| WHAT TO DO |
Every record below should be repeated word for word, with the pictures left out.

| DATA UNDER STUDY |
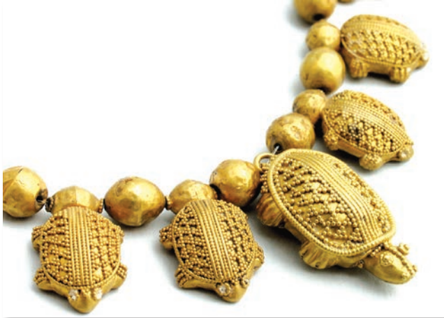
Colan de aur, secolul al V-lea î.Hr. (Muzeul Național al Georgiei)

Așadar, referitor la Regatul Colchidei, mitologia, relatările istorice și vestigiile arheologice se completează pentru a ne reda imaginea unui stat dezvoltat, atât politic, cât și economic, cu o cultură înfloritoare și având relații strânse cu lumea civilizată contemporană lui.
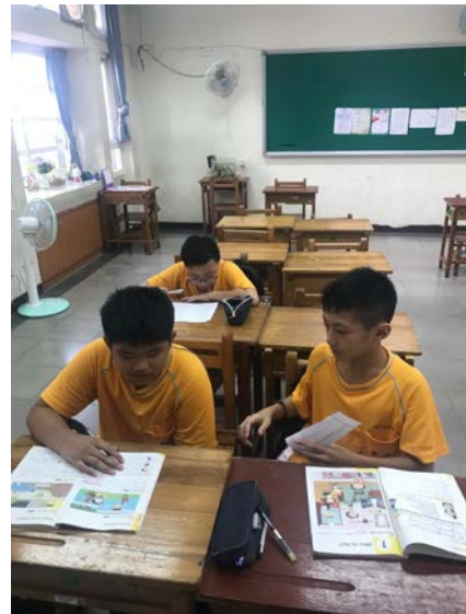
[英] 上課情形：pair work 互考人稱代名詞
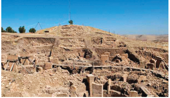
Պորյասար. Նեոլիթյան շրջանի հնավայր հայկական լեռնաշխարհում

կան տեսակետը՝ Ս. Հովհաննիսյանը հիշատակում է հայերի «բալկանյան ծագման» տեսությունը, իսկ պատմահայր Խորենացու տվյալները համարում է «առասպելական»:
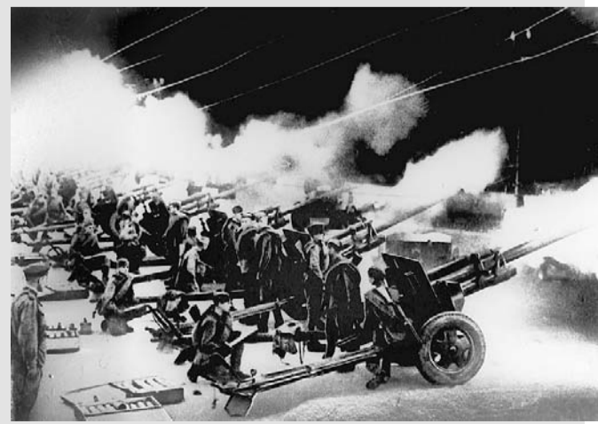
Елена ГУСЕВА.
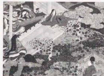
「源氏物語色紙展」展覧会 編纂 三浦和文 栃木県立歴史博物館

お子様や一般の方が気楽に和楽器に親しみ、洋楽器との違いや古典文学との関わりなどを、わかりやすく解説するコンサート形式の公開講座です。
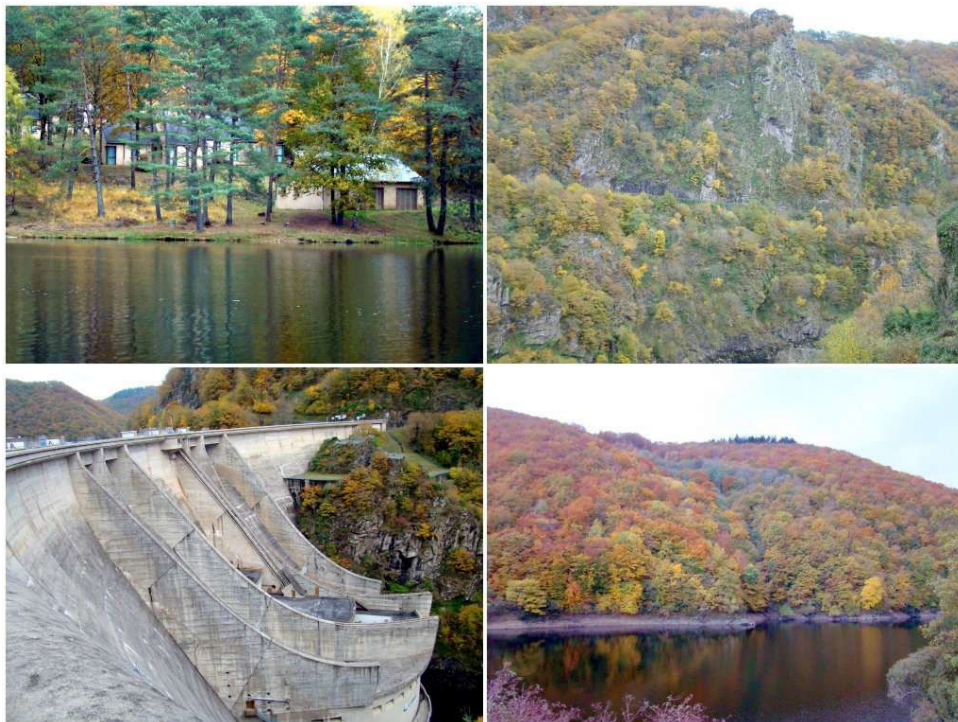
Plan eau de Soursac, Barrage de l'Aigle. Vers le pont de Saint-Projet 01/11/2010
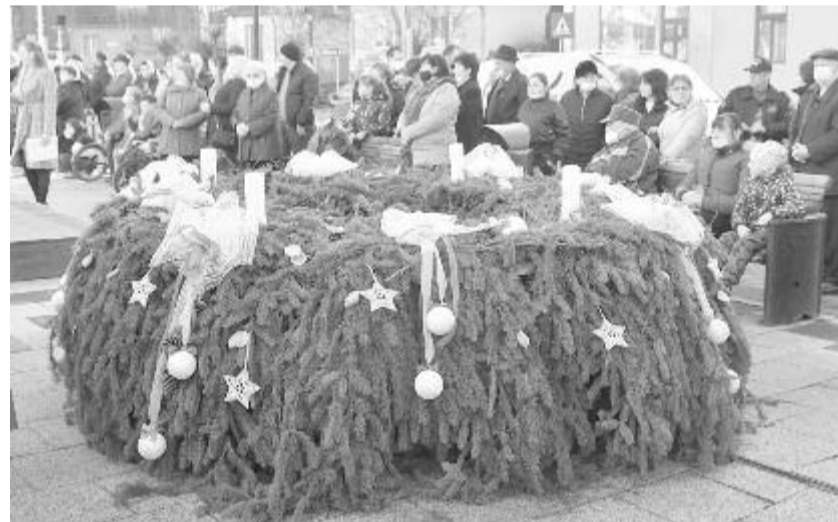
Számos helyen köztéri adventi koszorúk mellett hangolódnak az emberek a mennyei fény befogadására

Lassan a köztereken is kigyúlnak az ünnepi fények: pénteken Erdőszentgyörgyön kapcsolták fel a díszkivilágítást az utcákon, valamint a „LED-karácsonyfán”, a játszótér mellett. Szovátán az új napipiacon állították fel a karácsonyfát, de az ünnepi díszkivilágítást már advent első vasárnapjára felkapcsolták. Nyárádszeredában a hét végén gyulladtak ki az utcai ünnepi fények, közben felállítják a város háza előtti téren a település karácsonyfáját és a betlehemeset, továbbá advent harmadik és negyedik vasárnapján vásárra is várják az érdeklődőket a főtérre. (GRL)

| SOLVED EXERCISE |
Colan de aur, secolul al V-lea î.Hr. (Muzeul Național al Georgiei)

Așadar, referitor la Regatul Colchidei, mitologia, relatările istorice și vestigiile arheologice se completează pentru a ne reda imaginea unui stat dezvoltat, atât politic, cât și economic, cu o cultură înfloritoare și având relații strânse cu lumea civilizată contemporană lui.
[英] 上課情形：pair work 互考人稱代名詞
Պորյասար. Նեոլիթյան շրջանի հնավայր հայկական լեռնաշխարհում

կան տեսակետը՝ Ս. Հովհաննիսյանը հիշատակում է հայերի «բալկանյան ծագման» տեսությունը, իսկ պատմահայր Խորենացու տվյալները համարում է «առասպելական»:
Елена ГУСЕВА.
「源氏物語色紙展」展覧会 編纂 三浦和文 栃木県立歴史博物館

お子様や一般の方が気楽に和楽器に親しみ、洋楽器との違いや古典文学との関わりなどを、わかりやすく解説するコンサート形式の公開講座です。
Plan eau de Soursac, Barrage de l'Aigle. Vers le pont de Saint-Projet 01/11/2010
Számos helyen köztéri adventi koszorúk mellett hangolódnak az emberek a mennyei fény befogadására

Lassan a köztereken is kigyúlnak az ünnepi fények: pénteken Erdőszentgyörgyön kapcsolták fel a díszkivilágítást az utcákon, valamint a „LED-karácsonyfán”, a játszótér mellett. Szovátán az új napipiacon állították fel a karácsonyfát, de az ünnepi díszkivilágítást már advent első vasárnapjára felkapcsolták. Nyárádszeredában a hét végén gyulladtak ki az utcai ünnepi fények, közben felállítják a város háza előtti téren a település karácsonyfáját és a betlehemeset, továbbá advent harmadik és negyedik vasárnapján vásárra is várják az érdeklődőket a főtérre. (GRL)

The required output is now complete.